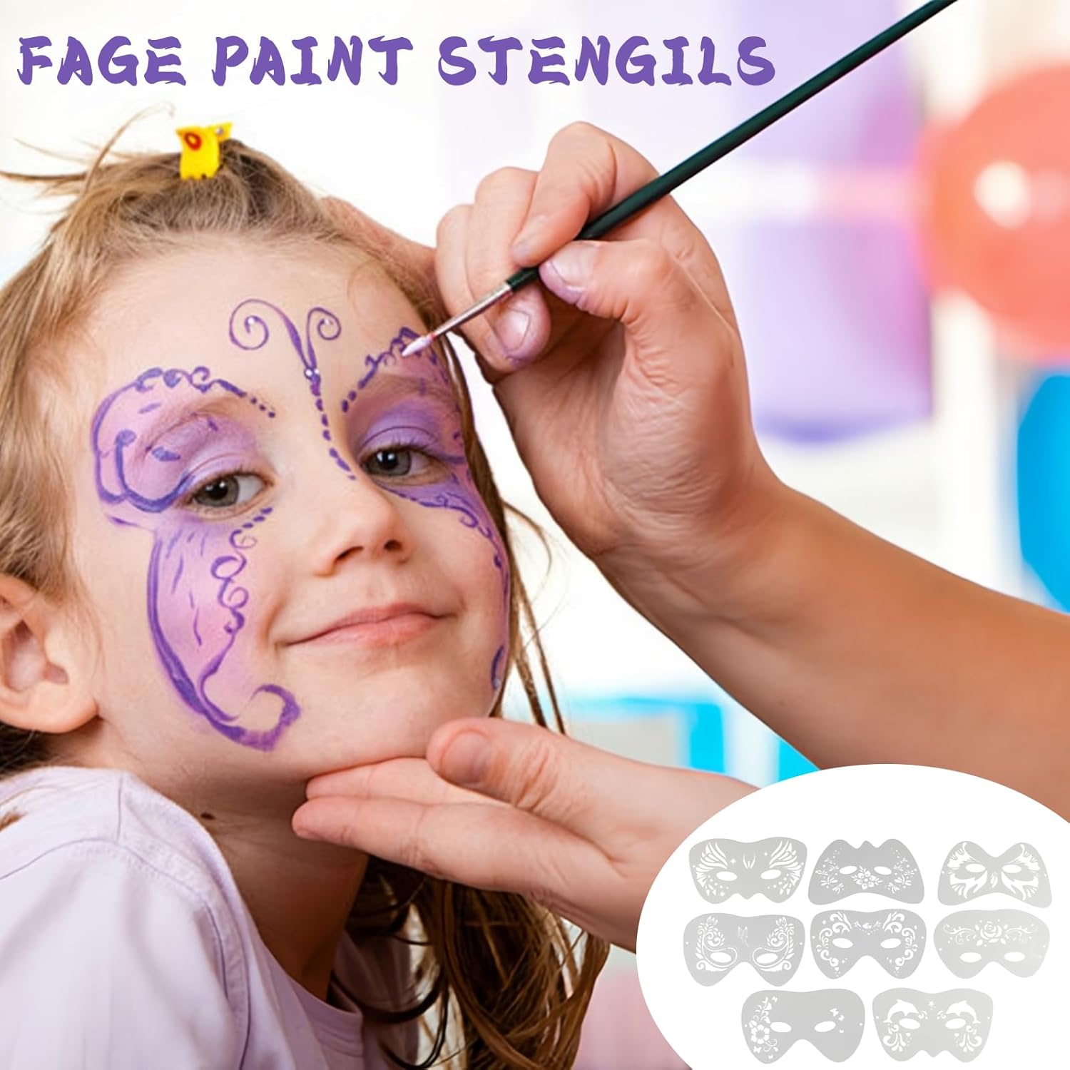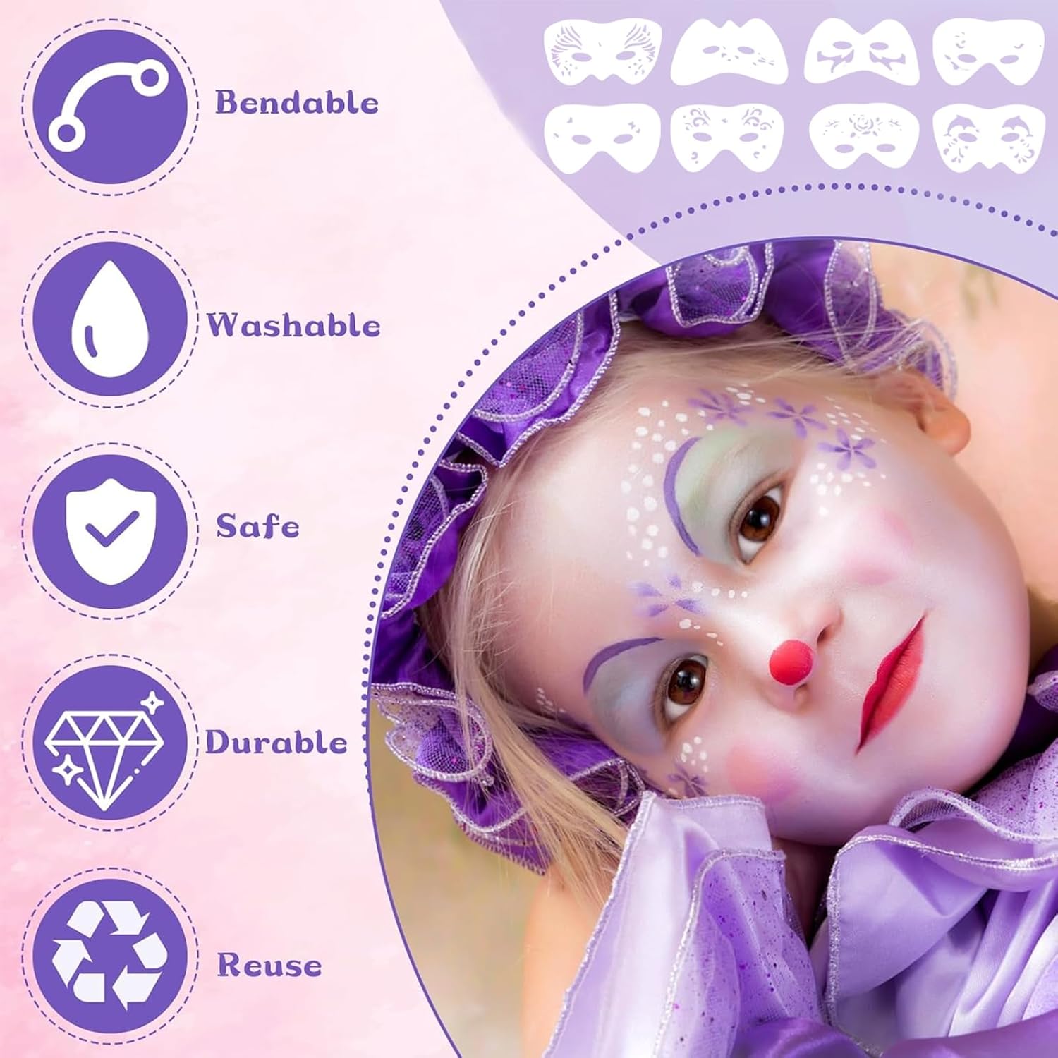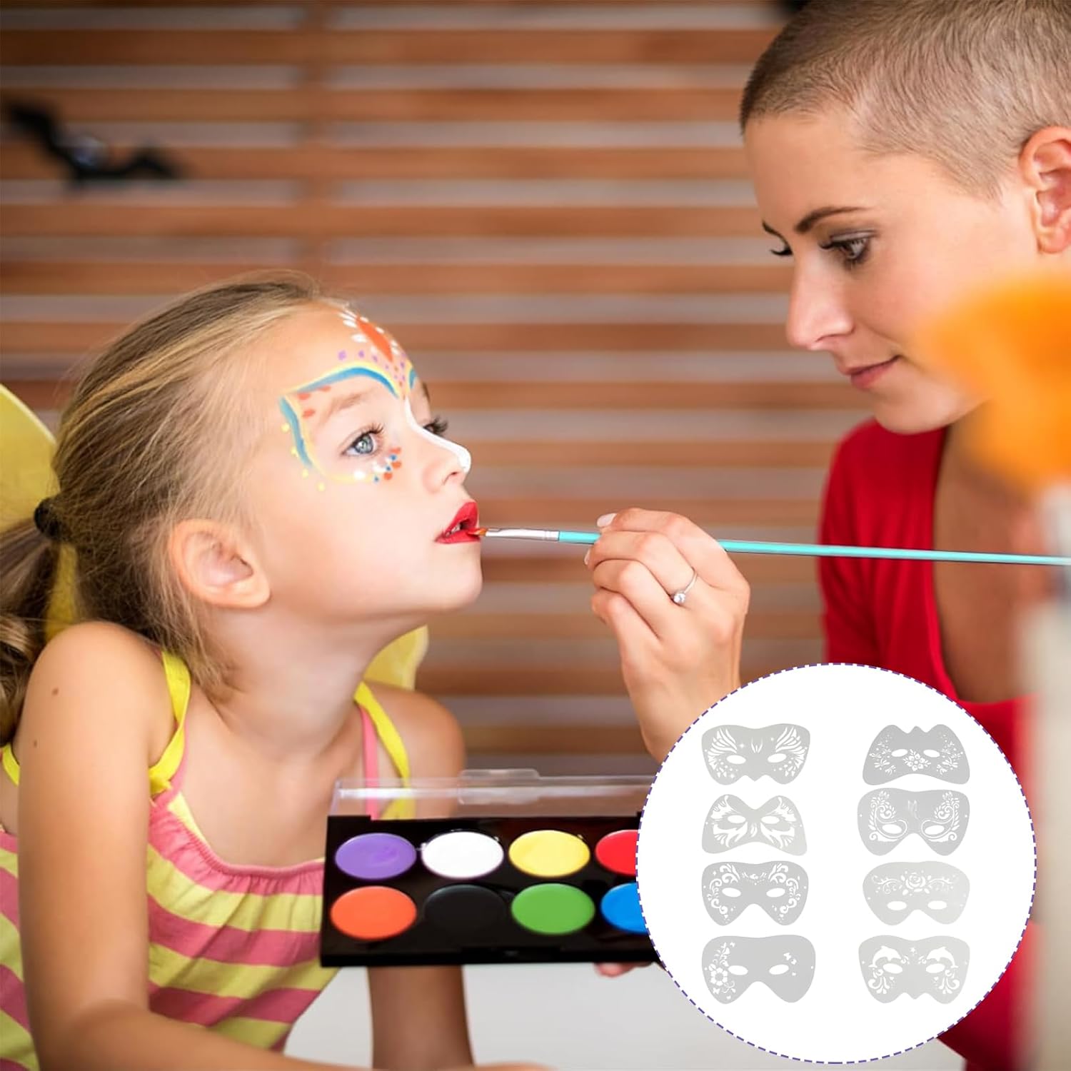 Caratteristiche del Prodotto: Questo set contiene 8 modelli unici di pittura del viso con stili diversi, sufficienti per soddisfare le tue esigenze quotidiane di fai da te. Ciascuno stencil per la pittura del viso misura 20x12,5 cm, perfetto per la pittura del viso e del corpo della maggior parte delle persone. Puoi scegliere il tuo motivo preferito da dipingere sul tuo viso durante feste o festival, che ti porterà più gioia e felicità! Diversi Design: Il nostro Stencil di Pittura del Viso ha una varietà di design, con motivi vivaci e belli. Include stampe di animali (delfini, libellule, farfalle), forme (fiori, stelle, cuori, maschere), nonché elementi decorativi per i bordi. Perfetto per migliorare qualsiasi attività di pittura del viso. Offri una meravigliosa esperienza visiva e attira l'attenzione della gente. Facile da Usare: Stencil truccabimbi Facile da usare. Basta far aderire lo stencil alla pelle, distribuire uniformemente la vernice con una spugna o un pennello, quindi rimuovere lo stencil per rivelare il tuo lavoro. Dopo ogni utilizzo, puliscili semplicemente con acqua tiepida e sapone e saranno pronti per la tua prossima sessione creativa. Materiale di Alta Qualità: Trucco del Viso Riutilizzabile Stencil Realizzato in materiale plastico PET di alta qualità, pieghevole ed elastico, con superfici e bordi lisci e arrotondati, non graffierà la pelle delicata durante l'uso, garantendo un utilizzo sicuro. Sono lavabili e possono essere lavati, conservati e riutilizzati nel tempo. Scene Applicabili: Queste Stencil Riutilizzabile per Pittura per il Viso sono ampiamente utilizzate e possono essere utilizzate su viso, corpo, pareti, tela e altre superfici lisce. Sono perfetti per feste di compleanno, balli, feste scolastiche, Halloween, feste in maschera, Natale, sfilate e carnevali, esaltando l'atmosfera festosa di ogni evento.
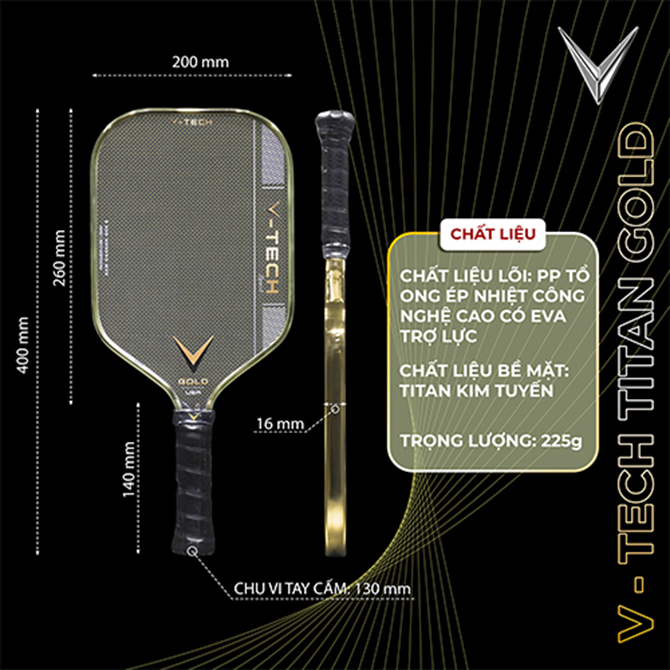 VIN TECH Gen 5 Gold Edge Titanium là thế hệ vợt được phát triển cho người chơi đòi hỏi độ ổn định cao, lực đánh rõ ràng và cảm giác tay chắc chắn. Sự kết hợp giữa viền Gold gia cường và bề mặt Titan tạo nên một cây vợt cân bằng giữa sức mạnh và kiểm soát, phù hợp cho lối chơi hiện đại và bền bỉ.
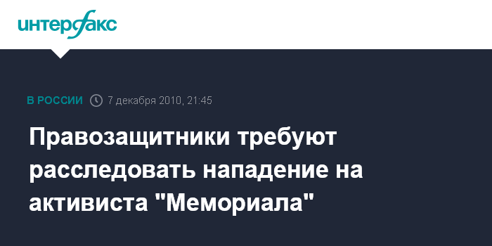 Правозащитники требуют расследовать нападение на активиста "Мемориала"
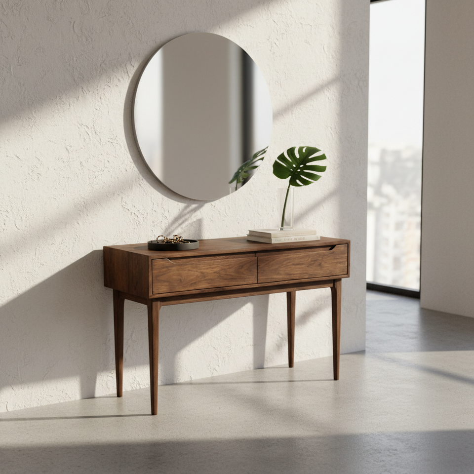 โต๊ะคอนโซล 2 ลิ้นชัก สีน้ำตาลเข้ม
+++
● **Exercise**: With all pictures omitted, return the lines from the line containing "VIN TECH Gen" through the closing line of the listing above, exactly and inclusive.

● **Exercise solution**:
 VIN TECH Gen 5 Gold Edge Titanium là thế hệ vợt được phát triển cho người chơi đòi hỏi độ ổn định cao, lực đánh rõ ràng và cảm giác tay chắc chắn. Sự kết hợp giữa viền Gold gia cường và bề mặt Titan tạo nên một cây vợt cân bằng giữa sức mạnh và kiểm soát, phù hợp cho lối chơi hiện đại và bền bỉ.
 Правозащитники требуют расследовать нападение на активиста "Мемориала"
 โต๊ะคอนโซล 2 ลิ้นชัก สีน้ำตาลเข้ม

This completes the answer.